Se hace necesario revisar las prácticas pedagógicas de la escuela, sobre todo en lo que atañe a una realidad que se ha ido haciendo habitual y ante los ojos de muchos “normal”.

Agosto 26, 2016

En medio de los múltiples discursos y de la preocupación –que al parecer y por fortuna se va volviendo social– acerca de la calidad de la educación, algunos piensan que la solución está en referenciarnos con las experiencias que ofrecen los mejores resultados, otros consideran que está en mejorar la infraestructura y otras corrientes más recientes sostienen que debería mejorarse la selección y remuneración docente.

Tal vez ninguna de esas propuestas sea ineficaz para producir el esperado cambio para la mejora. No obstante, mientras esas transformaciones aconsejadas globalmente se van concretando en la realidad local, conviene, a la par, ir revisando críticamente las prácticas pedagógicas de la escuela, sobre todo en lo que atañe a una realidad que se ha ido haciendo habitual y ante los ojos de muchos “normal”: el fracaso escolar, que en la jerga estudiantil se suele denominar “pérdida” de materias o de años.

Tristemente, aún tienen fuerza en el imaginario popular, creencias sesgadas que sostienen que el fracaso escolar es solo responsabilidad del estudiante, cuando no del profesor, del gobierno o del sistema educativo en particular; en versiones más perversas se dirá que es una realidad que hay que admitir con resignación, pues habría estudiantes “brutos” o incapaces de aprender ciertos contenidos. Y tales respuestas aparecen así, a la buena, pues son como las fórmulas preconcebidas que explican el resultado de una ecuación, simples corolarios que no le harían crisis a la escuela. Perogrulladas sin más, porque como siempre, a la escuela todo le llega tarde –hasta la capacidad crítica– y las preguntas le escasean, máxime si tratan sobre sí misma. No así ocurre con las respuestas dogmáticas, que le abundan, al margen del continuo cambio de la vida que allí supuestamente se estudia.
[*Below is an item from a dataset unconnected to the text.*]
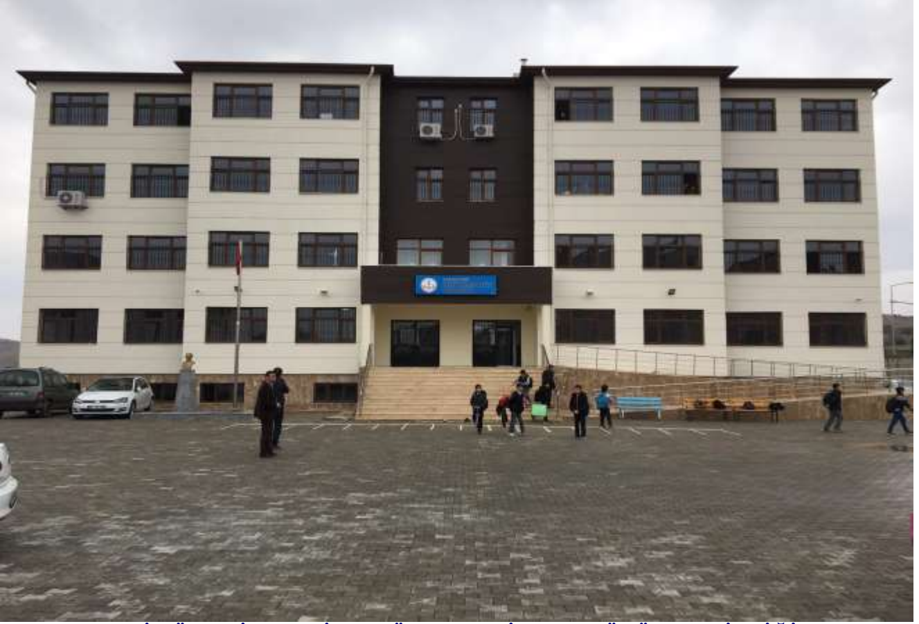
ADİYAMAN İL ÖZEL İDARESİ VE KÖYLERE HİZMET GÖTÜRME BİRLİĞİ TARAFINDAN MİLLİ EĞİTİM ADINA YAPILAN OKULLAR

En consecuencia, cuando a la escuela se le pregunta por la calidad de su formación, por ejemplo, responderá desde el rancio discurso de la “educación integral”. El problema no es que la pretenda sino que la usa como discurso para relativizar la importancia de los buenos resultados en cualquier dimensión formativa: como se trata de educación integral, la escuela no se concentraría con especial atención en buenos resultados académicos o deportivos, ni en el clima de convivencia, ni en la madurez axiológica, ni en su responsabilidad social o construcción de ciudadanías y el fracaso escolar sería algo admisible porque aunque se pretende la integralidad, parecieran existir ciertos estudiantes desprovistos para alcanzar tal condición, ya sea por la genética, la gestación, el contexto y las experiencias de vida. En esos casos queda en evidencia que a esa escuela no han llegado los resultados de los estudios que se siguen ocupando de las inteligencias múltiples, de la resiliencia, de la posibilidad de modificar las estructuras de aprendizaje, de las riquezas en la sabiduría popular o del fracaso escolar mismo, entre otros progresos académicos por antonomasia.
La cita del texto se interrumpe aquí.